Every now and then a goat has to be culled. Today, our dear Carlotta had to go to “freezer camp”. Because of our appreciation of God’s creatures and our love for all our goats, we try to do this as gently and as humanly as possible.

Carlotta, one of our registered Alpine does, was getting older, 8 ½ to be exact, and was beginning to be difficult to deal with, nervous and afraid of her own shadow. She had some really gorgeous kids, however, this year we were not able to get her bred. She went in with our handsome Alpine buck, Bat Man, over and over again, every 21 days. This past Friday, she was in heat again. We were pretty bummed out because she is a terrific milker, over a gallon a day, and very easy to milk. However, the inability to be bred, along with her age, and with the developed skittishness, we realized we had to make a very difficult decision. Ken called the processor and found that we could bring her first thing this morning.

At 5:45 a.m. we were up, and out feeding all the goats, bringing in firewood, checking the hay feeders, and making sure the heated water buckets were all topped off. We have a small crate called a “Goat Tote” which we had loaded on the truck yesterday, and lined the bottom with hay. It has a nice well fitting cover that zips on to keep the goat or goats being transported, warm and cozy. Ken

backed the truck up to the little porch on our barn, and Carlotta was caught and loaded. We stayed with our regular feeding routine, Carlotta had eaten along with her pen mates. She was lured with whole corn before finally cornering her. She did load very easily, however. All of our other goats come running like crazy to greet us when ever we go into the barn, so we had to work around all of our more than willing “helpers”.

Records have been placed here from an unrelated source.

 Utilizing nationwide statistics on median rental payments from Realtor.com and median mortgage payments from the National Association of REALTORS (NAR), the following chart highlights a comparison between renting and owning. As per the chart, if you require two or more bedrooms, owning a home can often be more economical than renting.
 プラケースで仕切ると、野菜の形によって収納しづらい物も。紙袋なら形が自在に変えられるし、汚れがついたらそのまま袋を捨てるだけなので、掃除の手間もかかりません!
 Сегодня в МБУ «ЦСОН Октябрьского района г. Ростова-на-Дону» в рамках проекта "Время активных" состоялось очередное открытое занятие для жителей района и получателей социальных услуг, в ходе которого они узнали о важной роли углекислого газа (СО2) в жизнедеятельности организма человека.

The ride to the processor was uneventful. The back roads are all covered with frozen solid, well packed, very shiny snow, better known as ice. So it did take longer than the usual 45 minutes.

When we got there, Carlotta was very calm, a lot calmer than she had been in the last two months. She unloaded quickly and easily. The USDA inspector looked her over and approved, then we said goodby, took off her collar, and she proceeded into the final area. By the time we were at the end of their driveway, it was all done.

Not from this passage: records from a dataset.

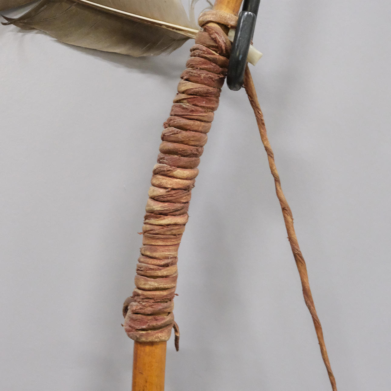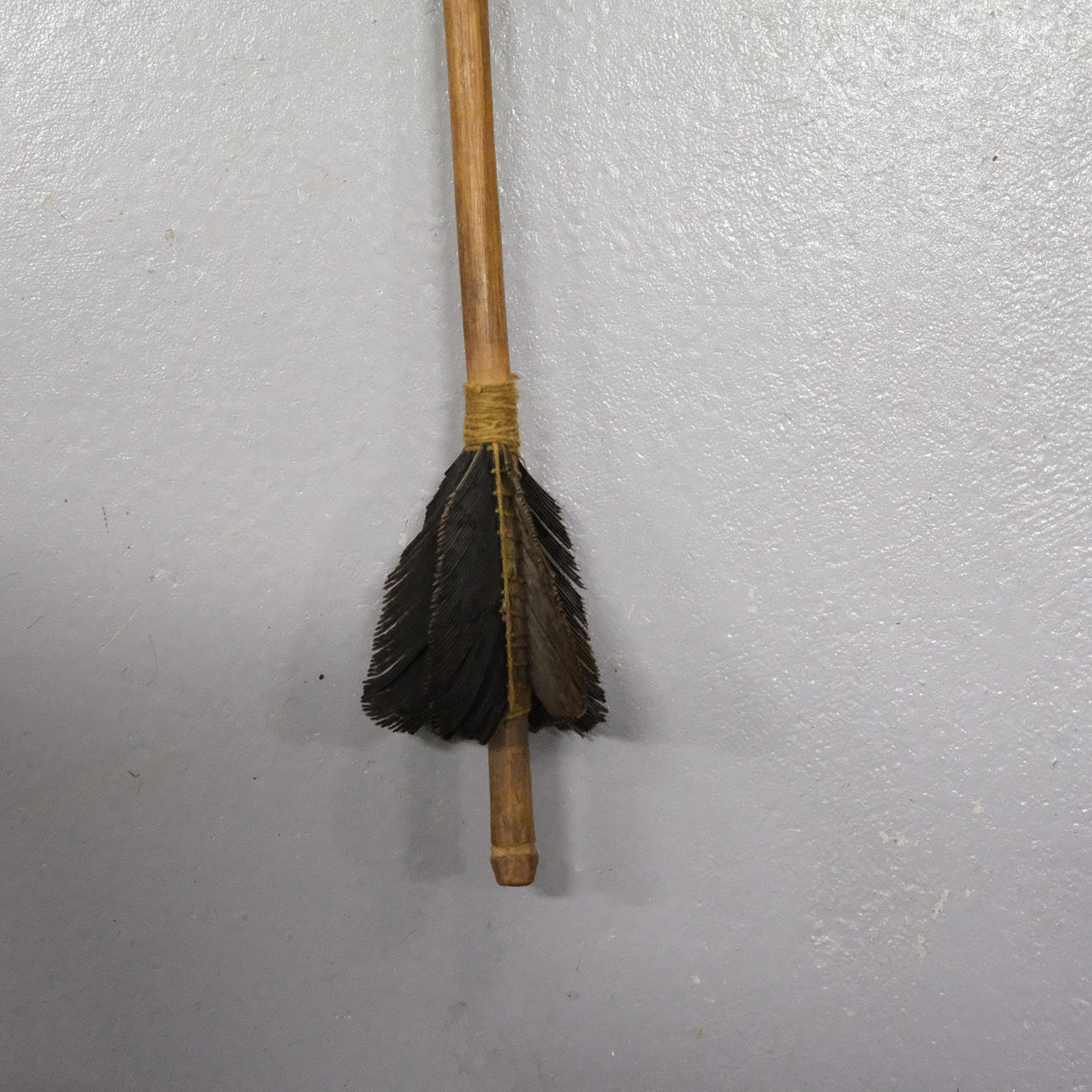Pilbåge med fjäderdekor. Längd spets till spets: ca 140 cm.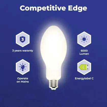 Every bulb or fixture has an energy efficiency class A to G. Energy label A is the most efficient and G the least. LED lighting is the most sustainable lighting technique. Even if a LED bulb is rated E or lower, they still save 70% of energy compared to conventional lighting with the same energy label. Why is it the same label then? To motivate LED brands to get even more durable.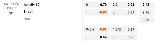 Trên sân nhà, Ismaily đang chưa mang đến nhiều niềm tin chiến thắng khi chỉ thắng 1, hòa 2 và thua 3 theo handicap ở 6 lần đón khách gần đây. Đội chủ nhà cũng thua kèo cả 2 lần đối đầu ENPPI gần nhất. Bên phía đối diện, ENPPI thắng kèo cả 3 trận vừa qua và 5/6 chuyến xa nhà gần nhất.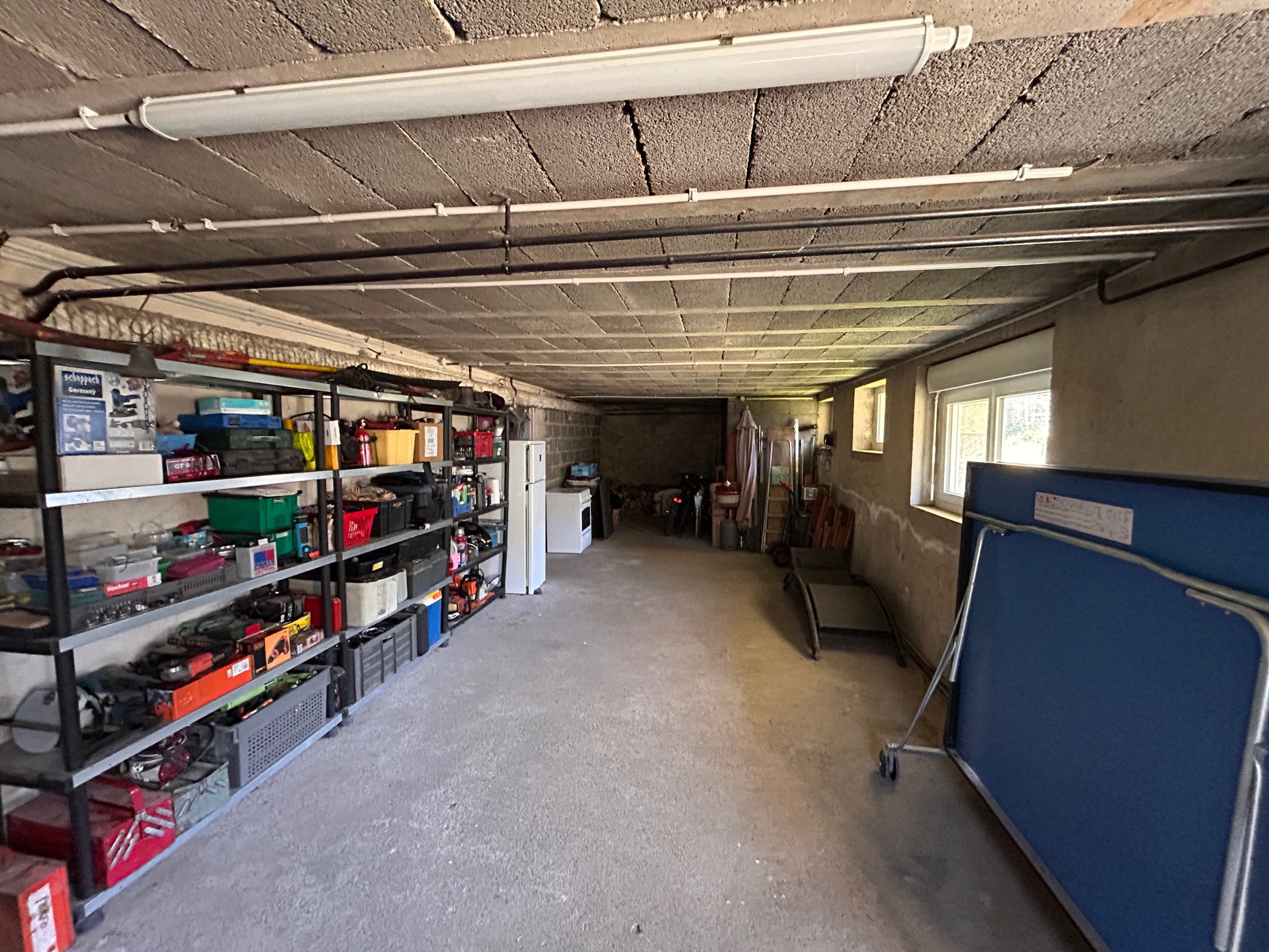À l'étage, les combles aménagés d'environ 115 m2 offrent un espace supplémentaire, utilisés en espace salle de jeux et atelier.

In about a week we’ll go and pick up the cut, wrapped, and flash frozen meat. 

Even with all today’s activities, after we returned home from the processor, it was back to normal. When we came down the driveway all the goats were gathered around the hay feeder happily chewing their cuds on a warmer than usual, sunny, winter’s day.

Living on a goat farm is not always lollipops and rainbows. Some of our favorite goats have gone the same way as Carlotta did. Injuries happen, once in a while we may have a kid who just fails to thrive, and like Carlotta, circumstances beyond our control mandate a quick end.

Let me encourage you to never, ever, pass on a problem goat, either by sale to a unwitting customer or to an auction. Passing on these goats can ruin your reputation permanently. We bring our culls to a USDA processor on an appointed date and time. Within minutes of taking the goats off the truck, they are dispatched. We do have our State of Maine red meat license, so we are able to sell the meat both at our farm and at farmers’ markets.